= DATA FOR REVIEW =
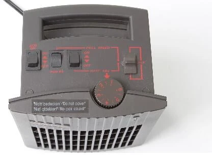 Leistungsstarker Keramik-Heizlüfter. Mit Schalter für Heiß- und Kaltluftbetrieb.
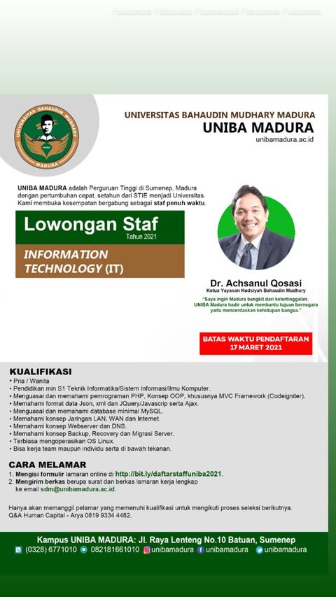WE ARE HIRING !! STAFF IT UNIBA MADURA
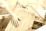 まな板を洗う女性
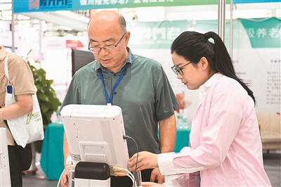 2024寧夏養(yǎng)老服務(wù)業(yè)博覽會(huì)近日在寧夏銀川市舉辦。本屆博覽會(huì)集中展示國(guó)內(nèi)外養(yǎng)老服務(wù)前沿科技和最新成果,推動(dòng)健康養(yǎng)老產(chǎn)業(yè)向更深層次、更寬領(lǐng)域、更全方位發(fā)展。圖為會(huì)上工作人員向參觀者介紹醫(yī)療產(chǎn)品。新華社記者 毛 竹攝
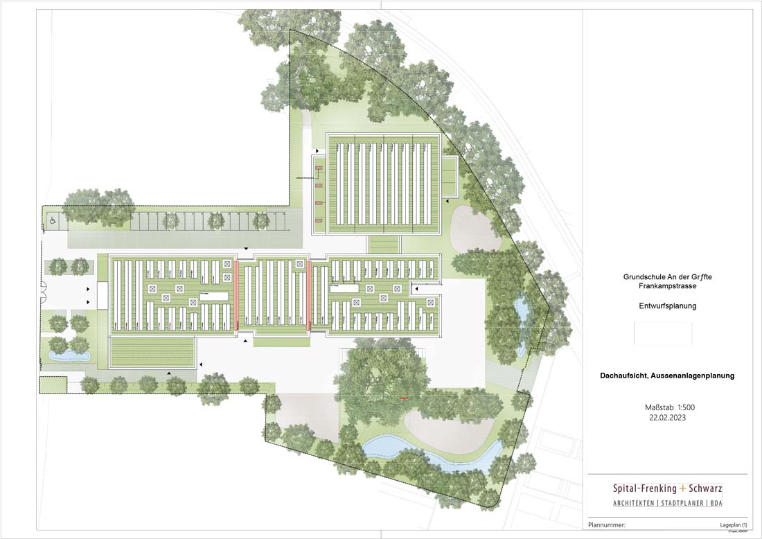 Die geplante Grundschule wird östlich der in Nord-Süd-Richtung verlaufenden Frankampstraße errichtet. Die Gebäudekubatur passt sich dem Grundstückszuschnitt an und versucht möglichst viel des vorhandenen Baumbestands zu erhalten, um den grünen Charakter des Plangebietes beizubehalten.
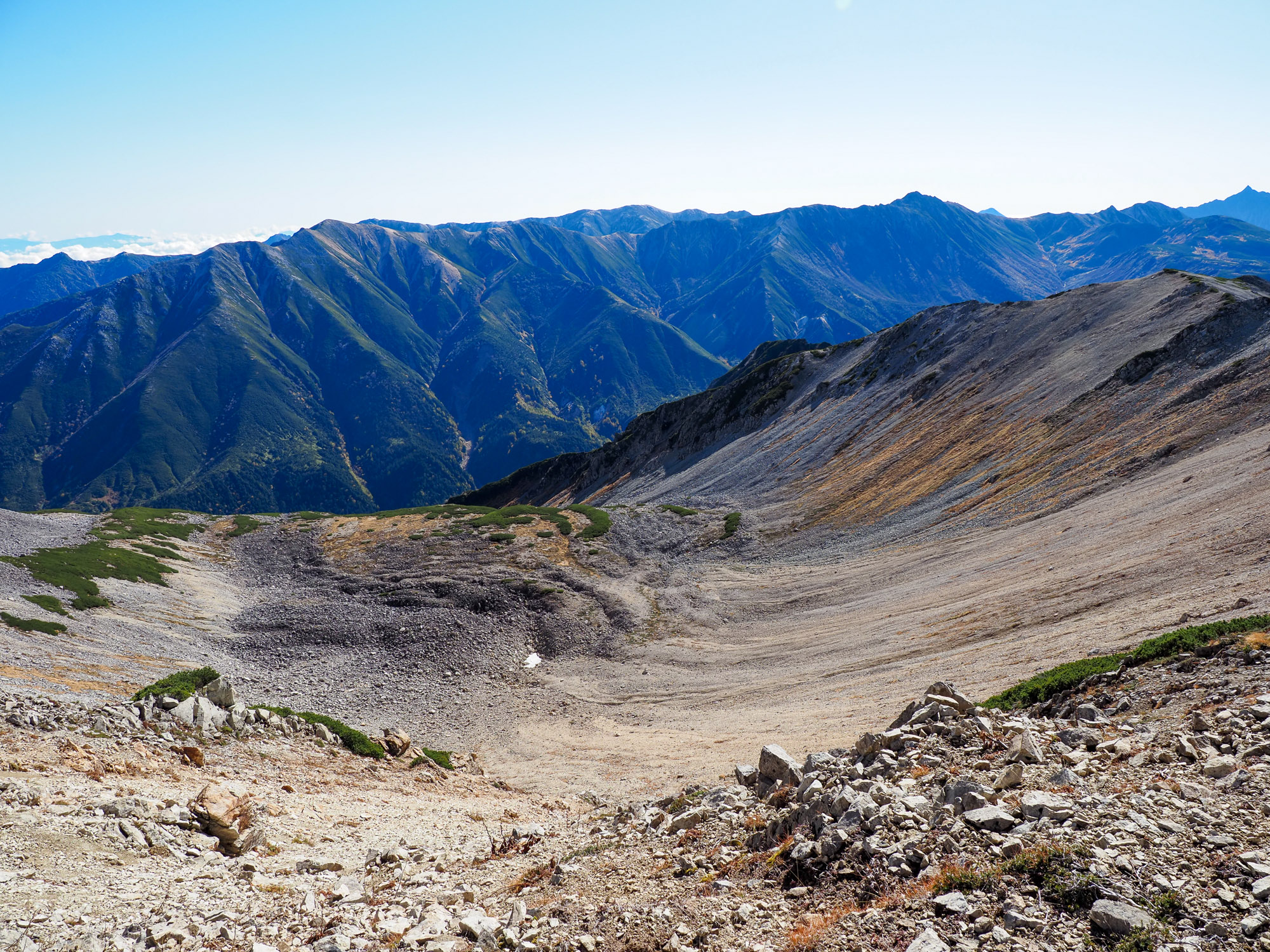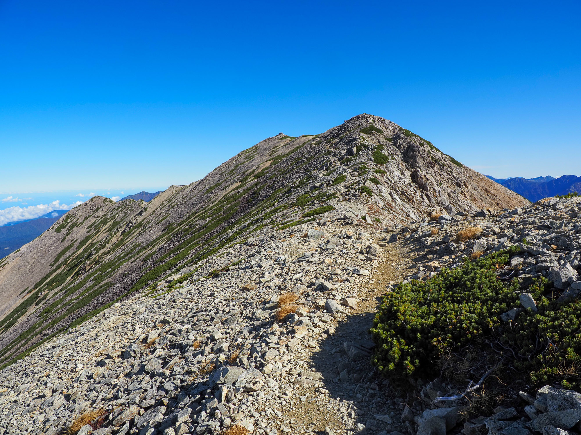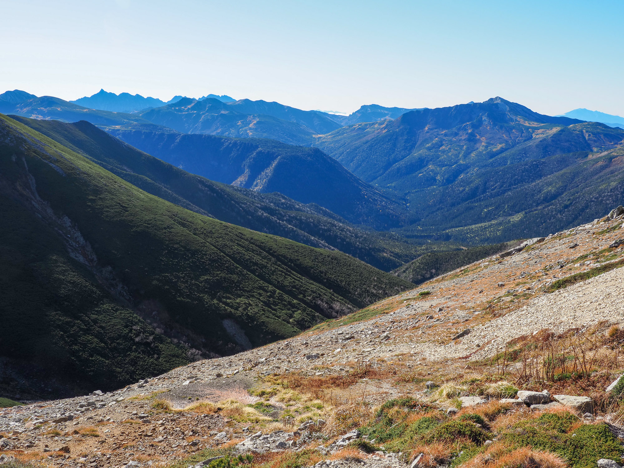 昨夜2:30からの星景撮影が終わり布団に入り目覚めると5:30だった。朝食は6:00からで温かい味噌汁とご飯がうまかった。準備を整え不要な荷物を小屋で預かってもらい6:30に出発した。山頂までのコースタイムは3h20mなので往復後、下山の時間を含めても多少のゆとりがある。しっかりと撮影しながら楽しむことにした。もう一組の二人組は今日、黒部五郎に行くそうなので、薬師は我々だけだった。
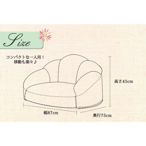 | 安心安全のこだわりの日本製。 クロワッサンのようなデザインがとにかくカワイイ、デザイン コンパクト ソファが登場♪ 見た目の可愛いデザインはもちろん、ソファとしての機能性も抜群。 ふわふわもこもこの優しい肌ざわり、座面の高さも16cmで厚さもバッチリです。 優しく癒される美しい曲線デザインに座り心地も抜群。 さらにコンパクトなので、移動もラクラク。 お洒落カワイイ、お部屋が華やぐソファをお楽しみください。 | |
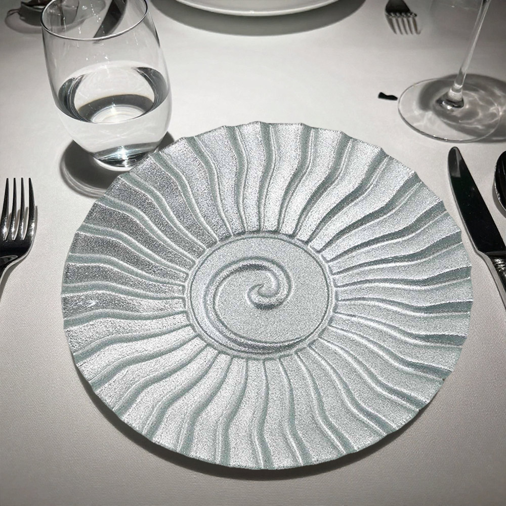Сервировочное блюдо из стекла с серебристым декором: элегантность на Вашем столе.
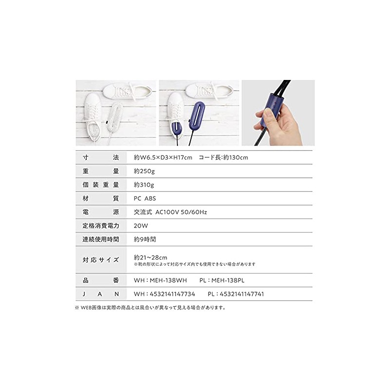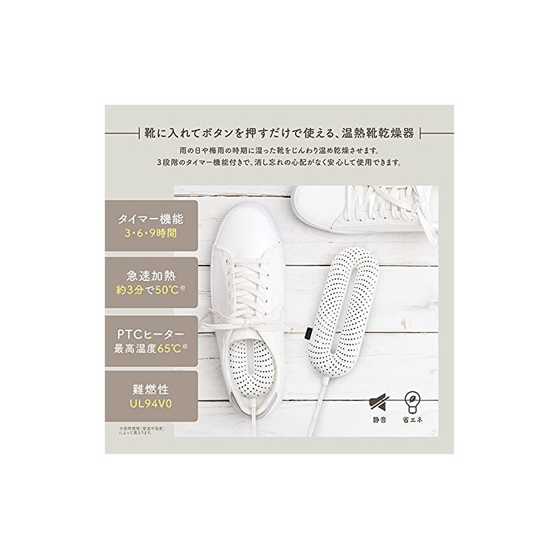 - Equipped with an energy-saving PTC heater. Dry your shoes at a maximum temperature of 65 degrees! Varies depending on usage environment
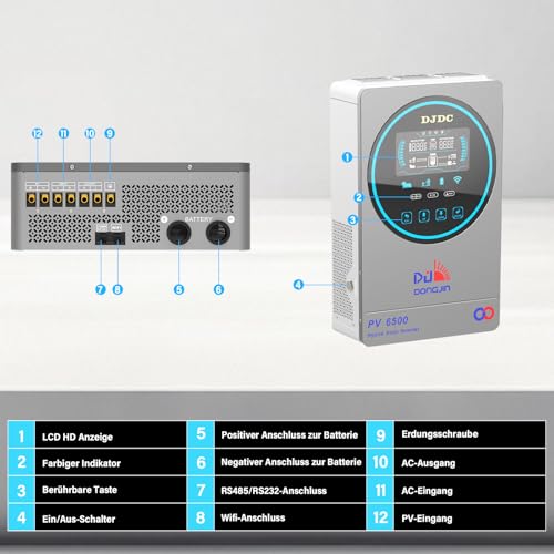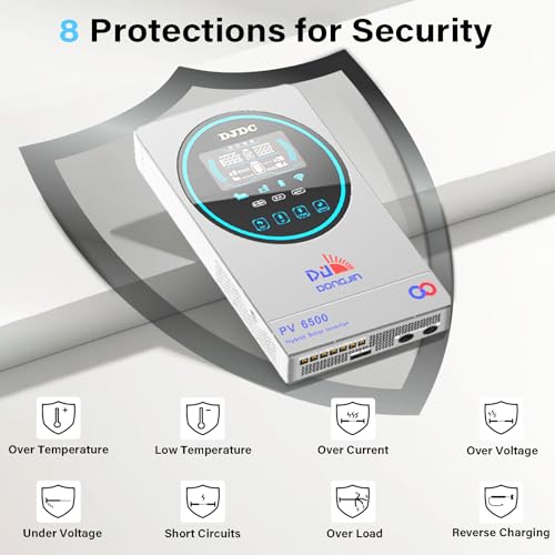 Im Vergleich zu anderen Hybrid-Wechselrichtern zeichnet sich der DJDCPOWER 4500W durch seinen integrierten 150A MPPT-Solarladeregler und die reine Sinuswellenausgabe aus. Während einige Modelle möglicherweise nur Blei- oder Lithiumbatterien unterstützen, ist dieser Wechselrichter für beide Batterietypen geeignet. Das Touchdisplay ermöglicht eine benutzerfreundliche Konfiguration und Überwachung, was bei manchen einfacheren Geräten fehlt. Die maximale PV-Eingangsleistung und der breite Spannungsbereich bieten Flexibilität bei der Auswahl der Solarmodule.
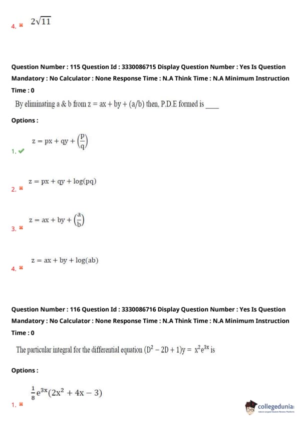 Question 114: By eliminating a \& b from z = ax + by + (a/b) then, P.D.E formed is \hspace{2cm}
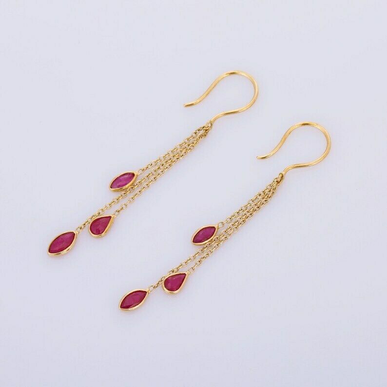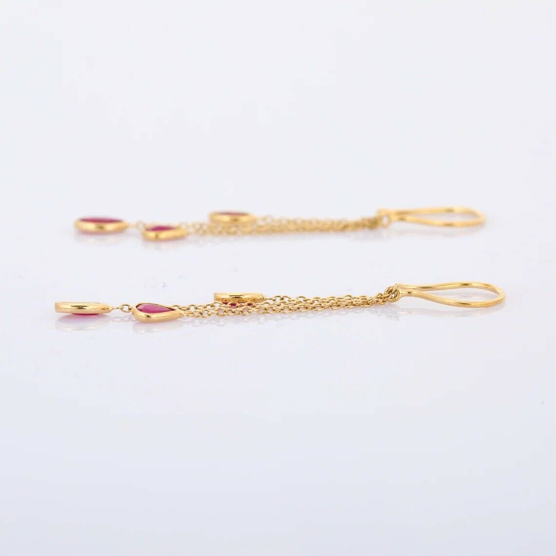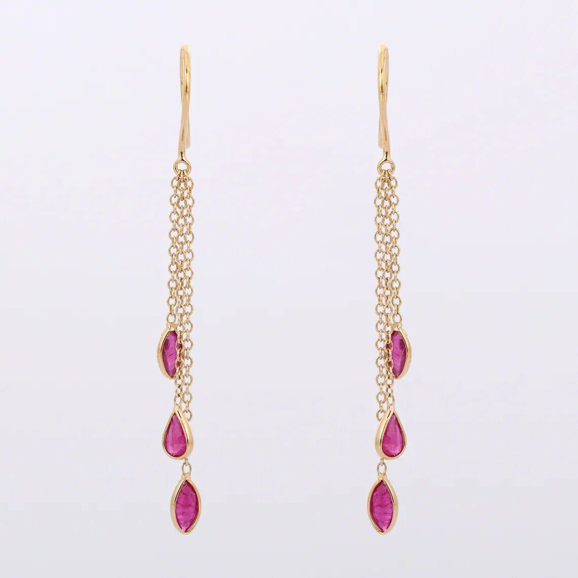 2ct Drop Earrings Marquise Cut Pink Ruby Dangling Chain 14k Yellow Gold Finish
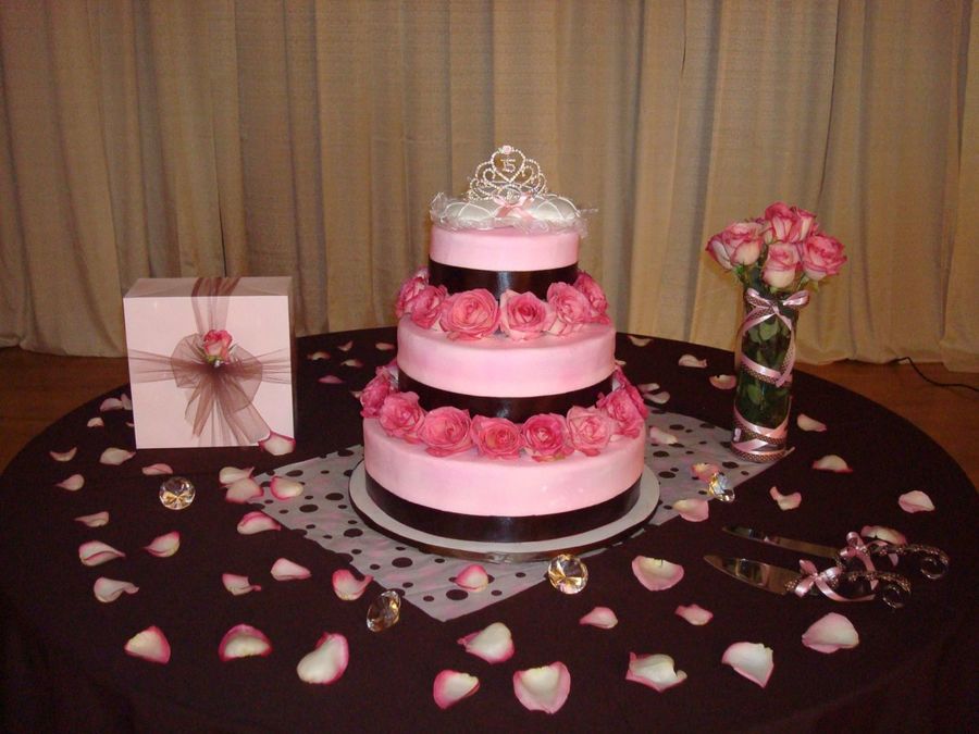 Vanilla buttercream frosted cake, airbrushed pink. I used hidden pillars and pink roses.
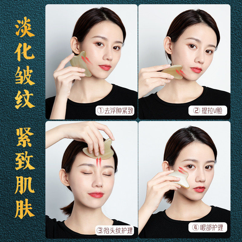 天然白水牛角刮痧按摩板脸部专用面部眼拨筋棒提拉紧致神器正品女

= REQUIRED WORK =
Without the pictures, give again exactly the lines above starting at the line containing "お洒落カワイイ、お部屋が華やぐソファをお楽しみください。 | |" and ending at the line containing "Сервировочное блюдо из".

= YOUR SOLUTION =
 | 安心安全のこだわりの日本製。 クロワッサンのようなデザインがとにかくカワイイ、デザイン コンパクト ソファが登場♪ 見た目の可愛いデザインはもちろん、ソファとしての機能性も抜群。 ふわふわもこもこの優しい肌ざわり、座面の高さも16cmで厚さもバッチリです。 優しく癒される美しい曲線デザインに座り心地も抜群。 さらにコンパクトなので、移動もラクラク。 お洒落カワイイ、お部屋が華やぐソファをお楽しみください。 | |
Сервировочное блюдо из стекла с серебристым декором: элегантность на Вашем столе.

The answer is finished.